According to The Beijing News, police did not tell Long Fei which crime he was being detained for or cross-check the information the teenager provided during interrogation: Long Fei had said he was at a military training session organized by his school in August when the fight occurred.
County police told Sixth Tone on Monday that they could not comment on any details of the incident amid an ongoing investigation.
Ren Xinghui, a lawyer in the eastern Shandong province who specializes in civil rights cases, told Sixth Tone that the police’s actions constitute a “severe violation” of the country’s Criminal Procedure Law. The police, he said, should have not only tried to verify the suspect’s alibi but also informed his parents of the detention within 24 hours.
“Since Long is a minor, his legal representative — whether a relative, a teacher, or a social worker from a child protection organization — should have been there during the interrogation,” Ren added.
Long Fei’s father said he encountered difficulties while trying to prove his son’s innocence. He said police dismissed his son’s school attendance record as fake and refused to solicit statements from two of Long Fei’s classmates since both were under the age of 18.
Long Xing also accused the police of violence. Referring to a conversation with his son’s friend, Long Xing said police had rushed into a hotel room where the teens were staying during their military training, forced them to the ground, and slapped one of Long Fei’s classmates before taking his son into custody. The Beijing News reported that Long Fei was abused by other inmates at the detention center.
Wu Lei, another Shandong-based civil rights lawyer, told Sixth Tone on Monday that police should hold underage suspects in a separate detention facility from adults.
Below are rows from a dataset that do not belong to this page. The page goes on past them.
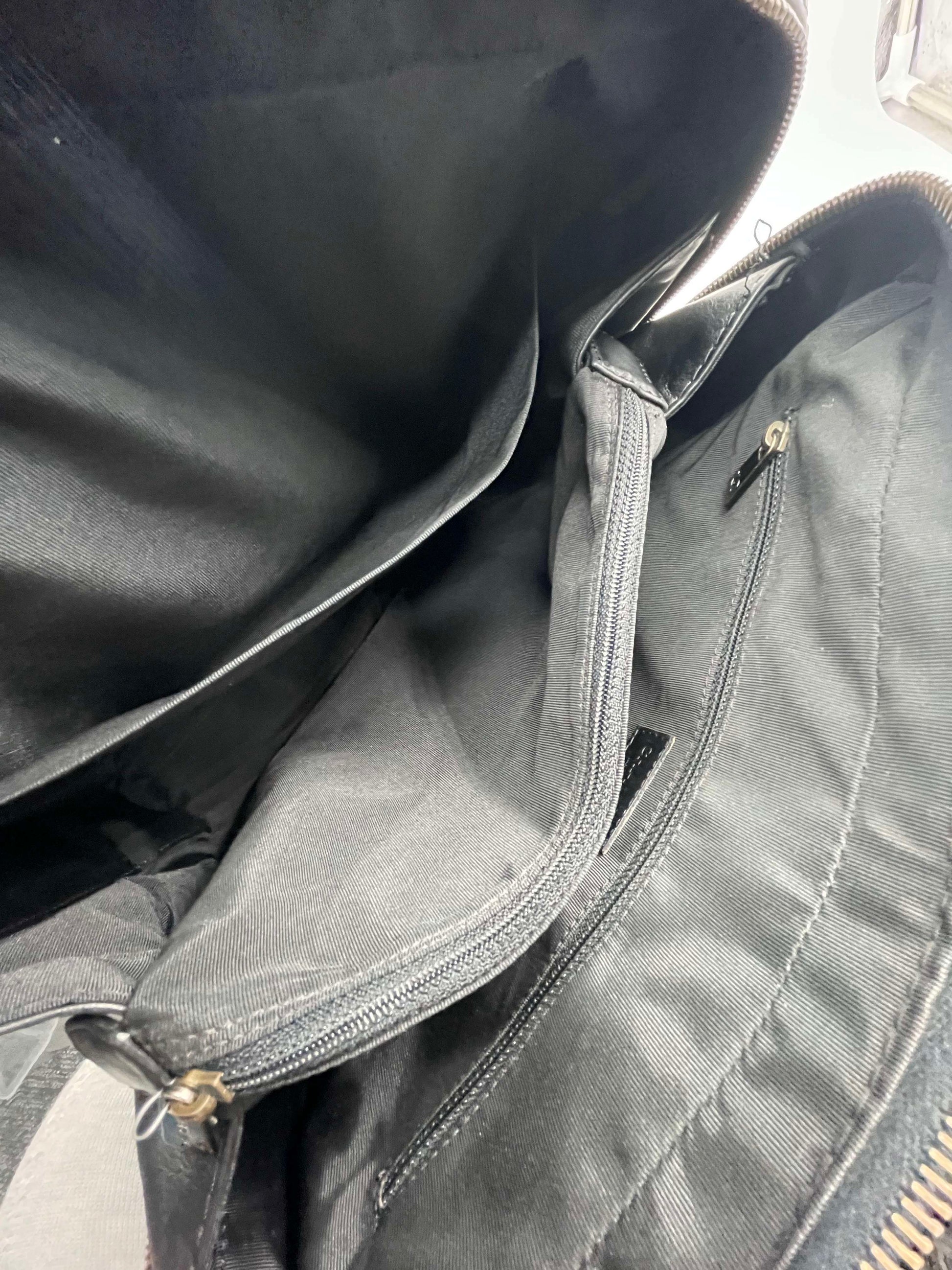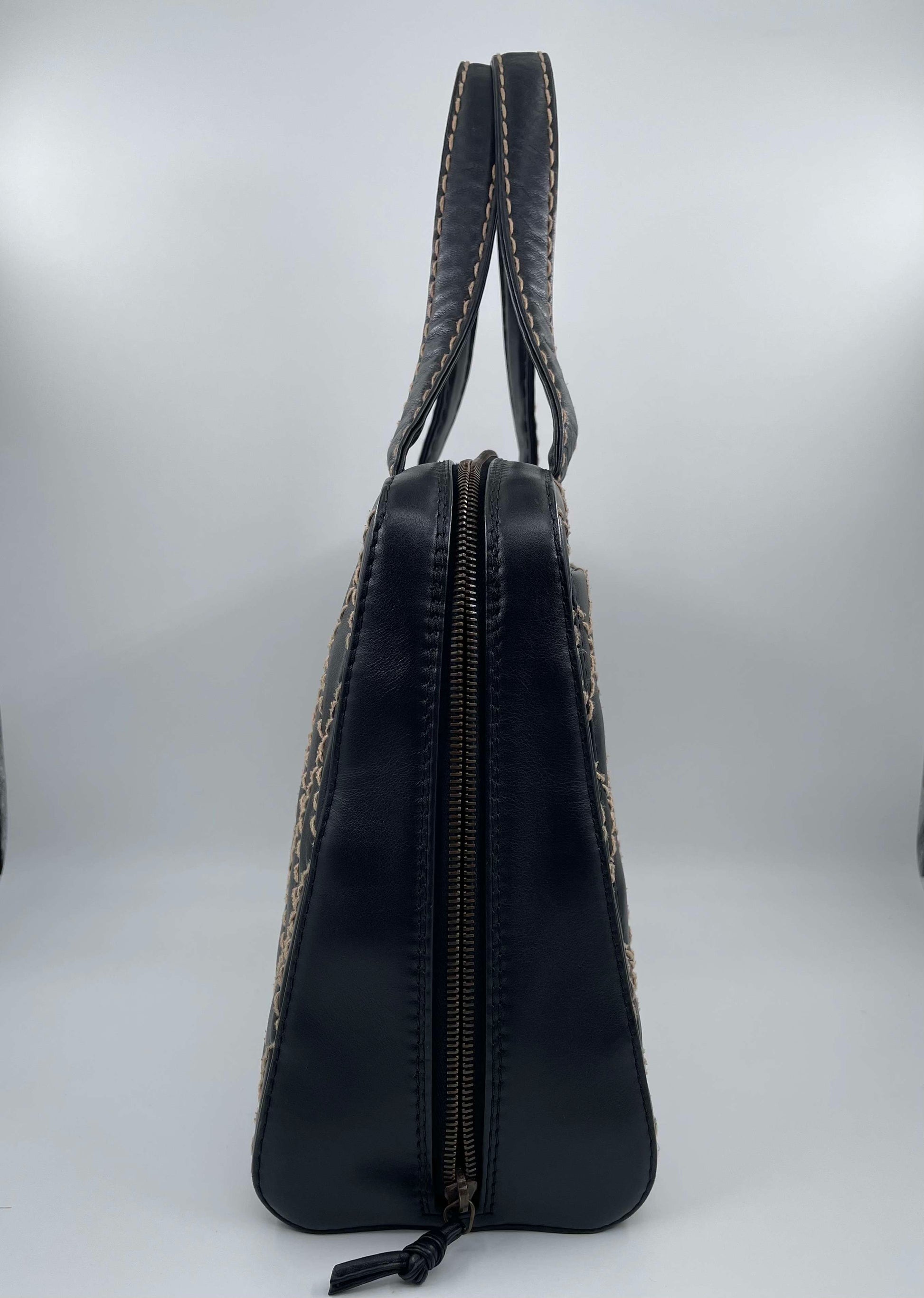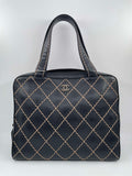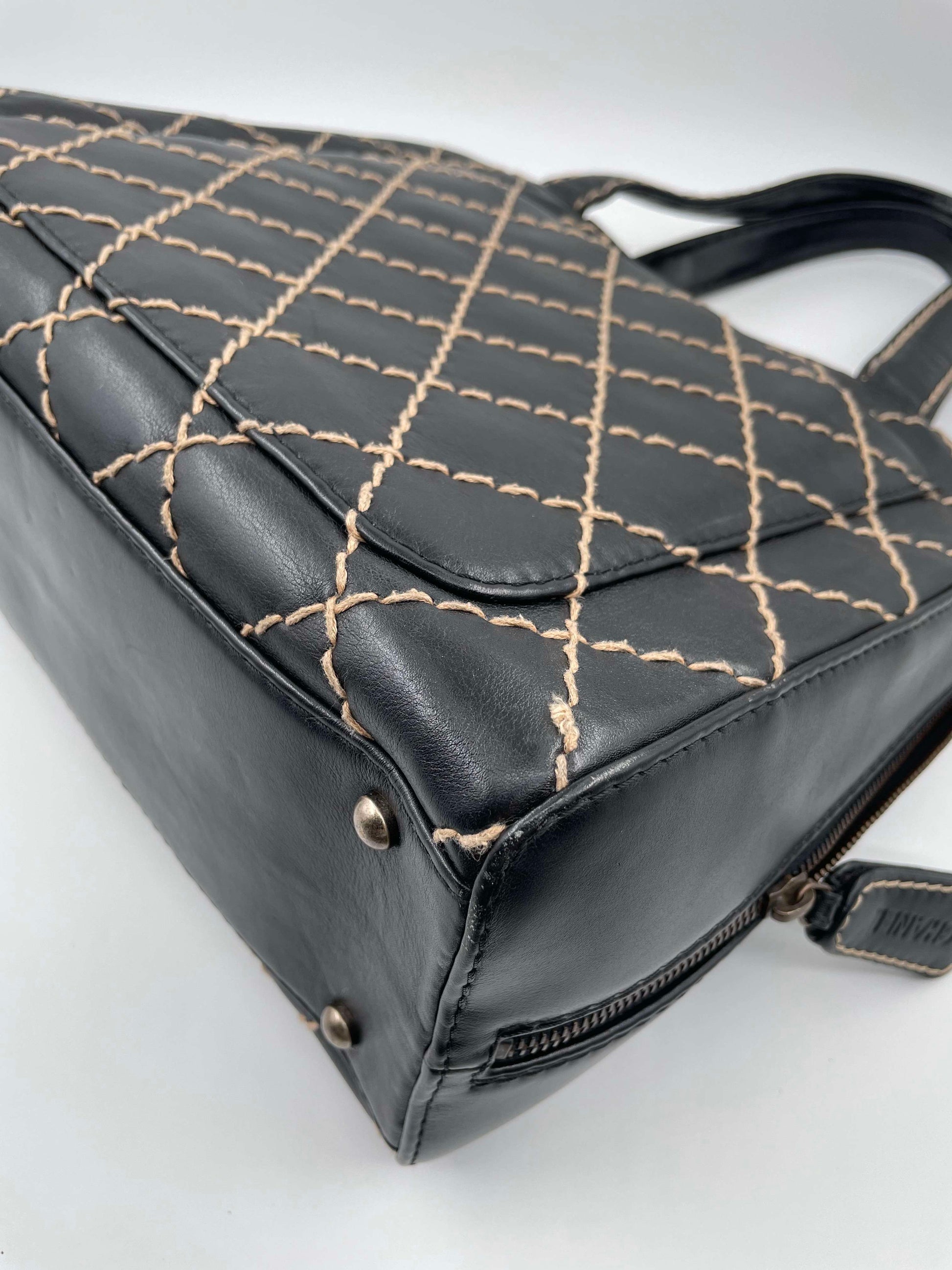 CHANEL VINTAGE BOSTON HANDBAG Wild Stitch Black Beige Leather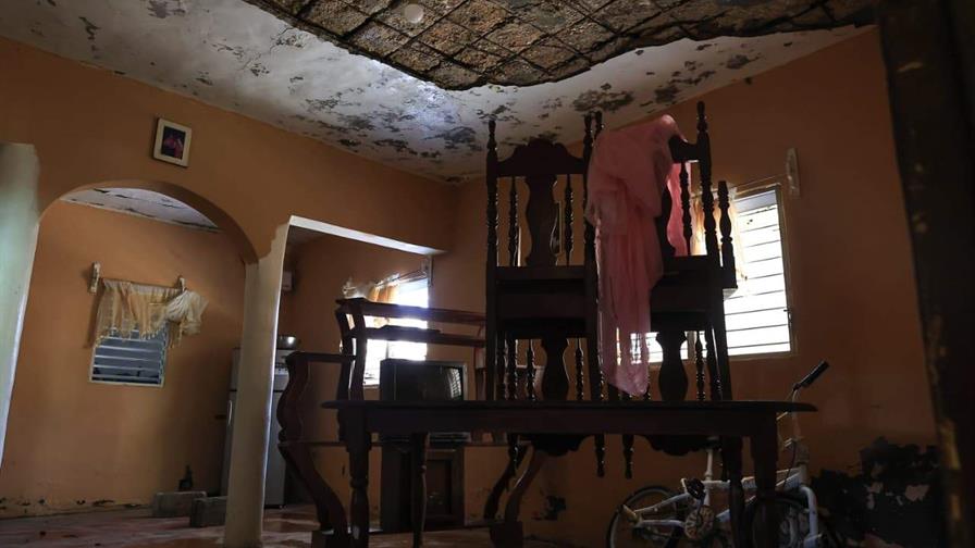 Su casa estaba húmeda y las varillas del techo aún goteaban a pesar del incesante calor. La humilde mujer expresó que tuvo que desplazarse con sus dos hijos a casa de vecinos.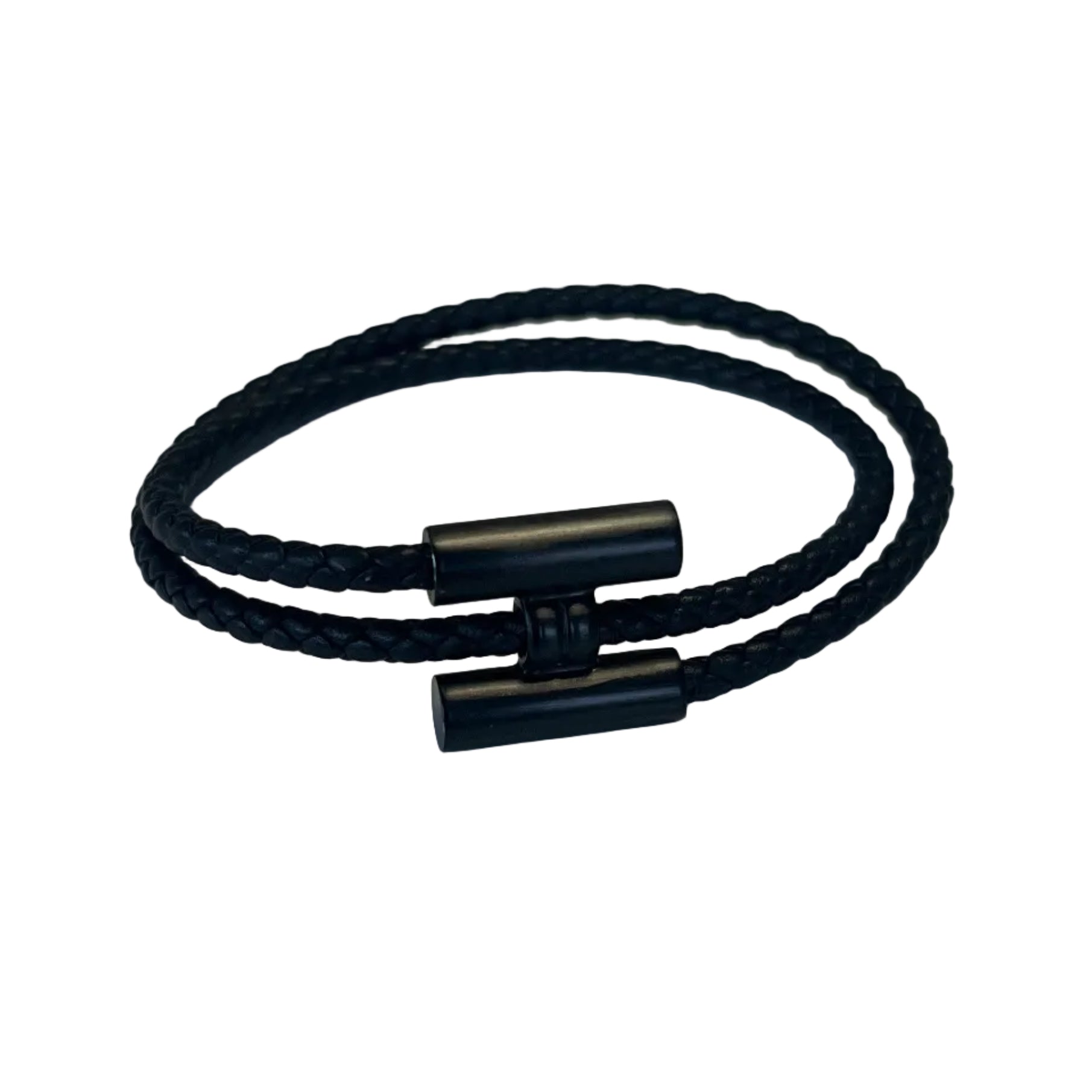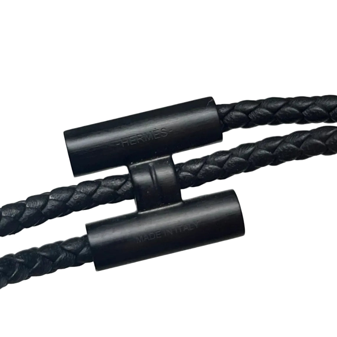 Bracelet tressé en cuir de veau Swift, souple et résistant. Fermoir à cliquet pratique et sécurisé. Longueur 40 cm, largeur 16 cm, épaisseur 0,3 cm. En très bon état, un bracelet au style sobre et élégant, facile à porter au quotidien. Valeur du neuf : 490€.

He also added that the 14-day detention runs foul of Chinese law: Police can only detain suspects for a maximum of seven days.
“It’s rare for police to handle a case involving a minor with such negligence,” Ren said. “This reflects some long-standing issues with the police — ignoring suspects’ rights, failing to verify the truth, sticking to their presumption of guilt, and abusing the use of coercive measures such as detention.”
Long Xing said his son is now free but still shaken from the ordeal, and has yet to return to school. “He is still mentally fragile and can even be jumpy when we speak loudly,” the father said.
Editor: Bibek Bhandari.
(Header image: Zhao Jingdong/VCG)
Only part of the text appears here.